The 80s called; they want their memory manager back!

5th March 2010 at 12:25

Not too long ago I was presenting on the subject of iPhone development and Objective-C at the Stackoverflow conference. As I wrote at the time, the audience was of predominantly .Net developers and the twitter backchat was filled with a whole range of reactions. Actually there were two themes to that reaction. One was to the syntax of Objective-C which is certainly very different to most C-family languages. The other was to the fact that Objective-C for the iPhone is not garbage collected (although it is on the Mac these days). My favourite comment on twitter was the title of this post.[*]

Much has been said from both sides about whether the iPhone should support garbage collection or not and I won't go into the debate here, other than to say that I think there are valid reasons for it being that way - but that's not to say that it couldn't be made to work (it would be nice if it was at least optional).

A few pointers

As a grizzled C++ developer in past (and, as it happens, present) lives I'm not fazed by the sight of a raw pointer or the need to count references. That said I struggle to remember the last time I had a memory leak, a dangling pointer or a double-deletion. Is that because I'm an awesome C++ demigod who eats managed programmers for breakfast? No! Not just that! It's also because I use smart pointers.

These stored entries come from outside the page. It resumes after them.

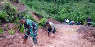 Babinsa Koramil 13/KT Kodim 0107/Asel Bersihkan Material Longsor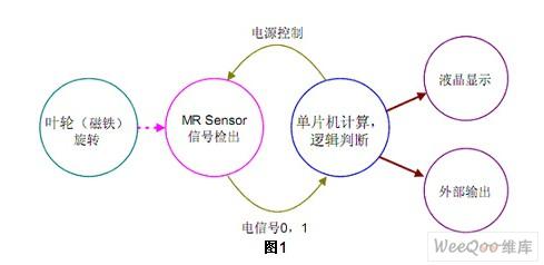 該方案的工作原理為:在葉輪上裝上磁鐵,由磁場(chǎng)感應(yīng)器(MR Sensor)感知出葉輪的旋轉(zhuǎn)。磁場(chǎng)感應(yīng)器(MR Sensor)把磁場(chǎng)信號(hào)轉(zhuǎn)變成電信號(hào),再由單片機(jī)進(jìn)行計(jì)量的加法或減法運(yùn)算,運(yùn)算值由液晶顯示或?qū)ν獠枯敵。如圖1所示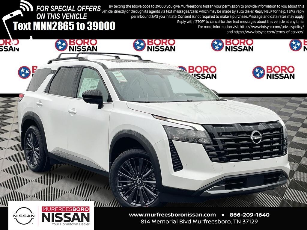Everest White Pearl Tricoat 2026 Nissan Pathfinder SL FWD 9-Speed Automatic 3.5L V6 DOHC CAPTAINS CHAIRS, APPLE ANDRIOD CAR PLAY, REAR BACKUP CAMERA, BLUETOOTH, 18" Machined Alloy Wheels, 2nd Row Manual Sunshades, 2nd-Row Captain Chairs, 3rd row seats: bench, 4-Piece Black Splash Guards, 4-Wheel Disc Brakes, 6 Speakers, ABS brakes, Air Conditioning, Alloy wheels, AM/FM radio: SiriusXM w/360L, Auto High-beam Headlights, Auto-dimming Rear-View mirror, Automatic temperature control, Bose Premium Audio System, Brake assist, Bumpers: body-color, Captain's Chairs Carpeted Floor Mats, Cross Bars, Delay-off headlights, Driver door bin, Driver vanity mirror, Dual front impact airbags, Dual front side impact airbags, Electronic Stability Control, Emergency communication system: NissanConnect Services, Four wheel independent suspension, Front anti-roll bar, Front Bucket Seats, Front Center Armrest, Front dual zone A/C, Front reading lights, Fully automatic headlights, Garage door transmitter: HomeLink, Heated door mirrors, Heated Front Bucket Seats, Heated front seats, Heated Rear Seats, Heated steering wheel, Illuminated entry, Knee airbag, Low tire pressure warning, NissanConnect featuring Apple CarPlay and Android Auto, Occupant sensing airbag, Outside temperature display, Overhead airbag, Overhead console, Panic alarm, Panoramic Moonroof, Passenger door bin, Passenger vanity mirror, Power door mirrors, Power driver seat, Power Liftgate, Power steering, Power windows, Premium Paint, Radio data system, Radio: AM/FM Audio System with NissanConnect, Rear air conditioning, Rear anti-roll bar, Rear reading lights, Rear seat center armrest, Rear side impact airbag, Rear window defroster, Rear window wiper, Reclining 3rd row seat, Remote keyless entry, Removable Center Console, Security system, SL Premium Package, Speed control, Speed-sensing steering, Split folding rear seat, Spoiler, Steering wheel mounted audio controls, Tachometer, TailorFit Appointed Seating Surfaces, Telescoping steering wheel, Tilt steering wheel, Tow Hitch Receiver and Harness, Traction control, Trip computer, Turn signal indicator mirrors, Variably intermittent wipers, Wheels: 20" Machined Alloy with Dark Metallic Gray Finish, SUNROOF, THIRD ROW, LEATHER, NAVIGATION, ALLOY WHEELS.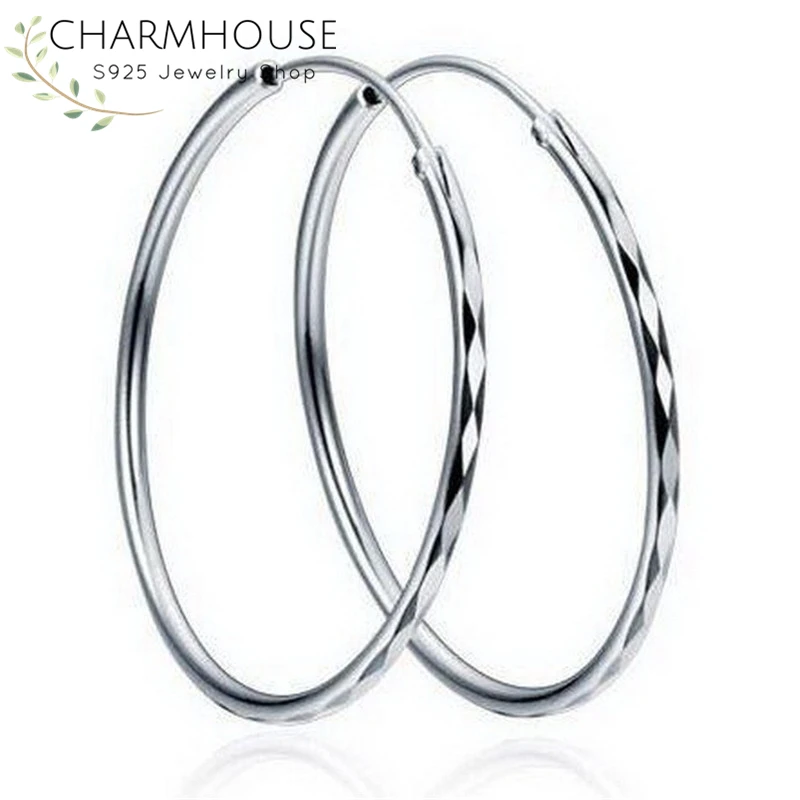 Женские серьги-кольца из чистого серебра S925 пробы, большие, 30405060 мм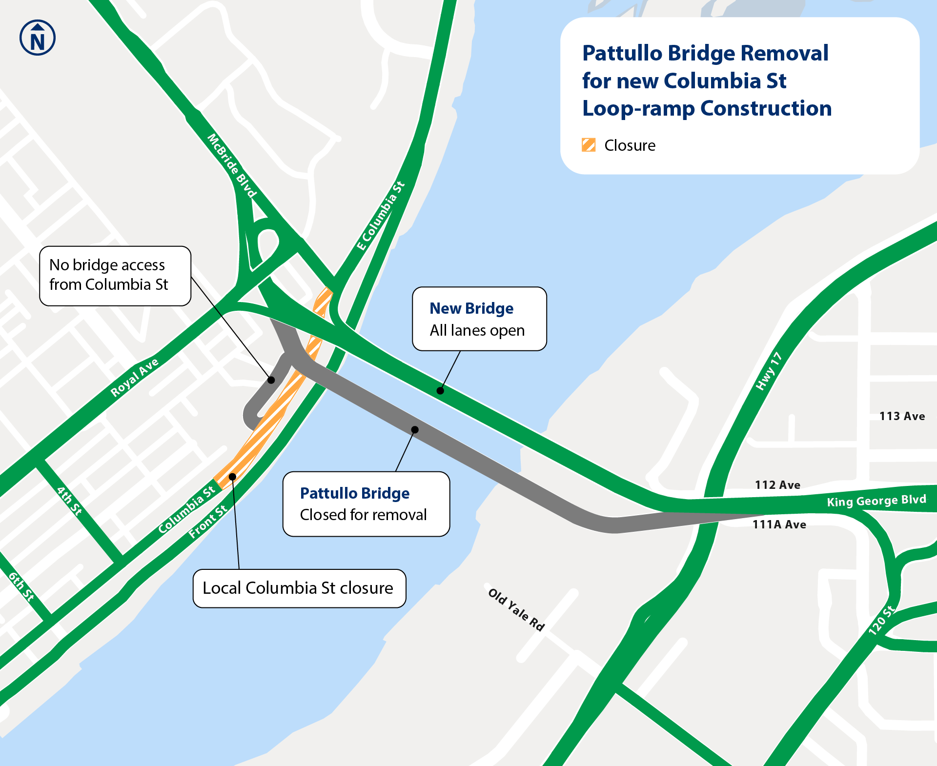 A local closure of Columbia Street between McBride Boulevard and Elliot Street, for approximately one month, will be required to deconstruct the Pattullo Bridge and build the new Columbia loop-ramp (see local closure map).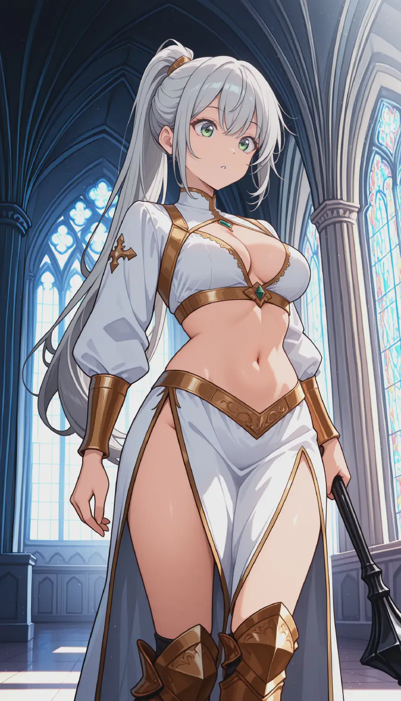 1girl, original, nazonoanya, standing, holding mace, mace, holding weapon, athletic, medium breasts, very long hair, grey hair, green eyes, smile, ponytail, hair ornament, white robe, gold trim, embroidered dress, cleavage, skirt, side slit, midriff, navel, groin, gold cuffs, kneehighs, greaves, church, pillar, stained glass, cathedral, indoors, day, fantasy, medieval, <lora:Anya:0.9>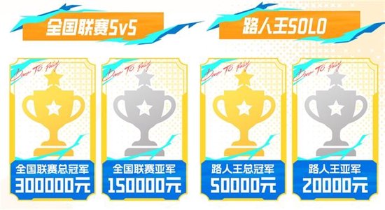 5V5团队赛:全国联赛总冠军高达300000元,亚军为150000元。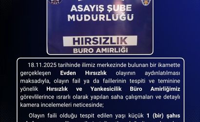 Bingöl İl Emniyet Müdürlüğü'nden yapılan resmi açıklamada, "18.11.2025 tarihinde merkezdeki bir ikamette meydana gelen ev hırsızlığının aydınlatılması amacıyla, Hırsızlık ve Yankesicilik Büro Amirliğince yapılan titiz saha çalışmaları ve detaylı kamera incelemeleri sonucunda, olayla bağlantılı bir şahıs tespit edilmiştir. Adli süreçler gereği yaşı küçük olan bu şahıs, çocuk suçlu sıfatıyla işlem görüp, tutuklanarak Diyarbakır Kapalı Çocuk Cezaevine teslim edilmek üzere gönderilecektir." denildi.

Smart pointers make use of a feature of C++ that is disappointingly rare in modern programming languages (and often seen as incompatible with garbage collection): deterministic destruction. Put simply when a value goes out of scope it is destroyed there and then. There is no waiting for a garbage collector to kick in at some undetermined, and indeterminate, time to clean up after you. Then why does C++ have the delete keyword? Well I said when a value goes out of scope. If you allocate an object on the heap, the value you have in scope is the pointer to the object. C++ also allows you to create objects on the stack, and these are destroyed at the end of the scope in which they were created (there is a third case where an object is declared by value as a member of another object that lives on the heap - but I'll ignore that for simplicity). When that object is an instance of a class the developer has defined they can supply a destructor that is run when the object is destroyed. Often this is used to delete memory owned by the object - but it could be used to clean up any resources the object is managing, such as file handles, database collections etc. Smart pointers manage objects on the heap. Depending on the type of smart pointer they may simply delete an object in their destructor - or they may offer shared ownership semantics by managing a reference count - so destructors decrement the ref count and only delete when the count reaches zero.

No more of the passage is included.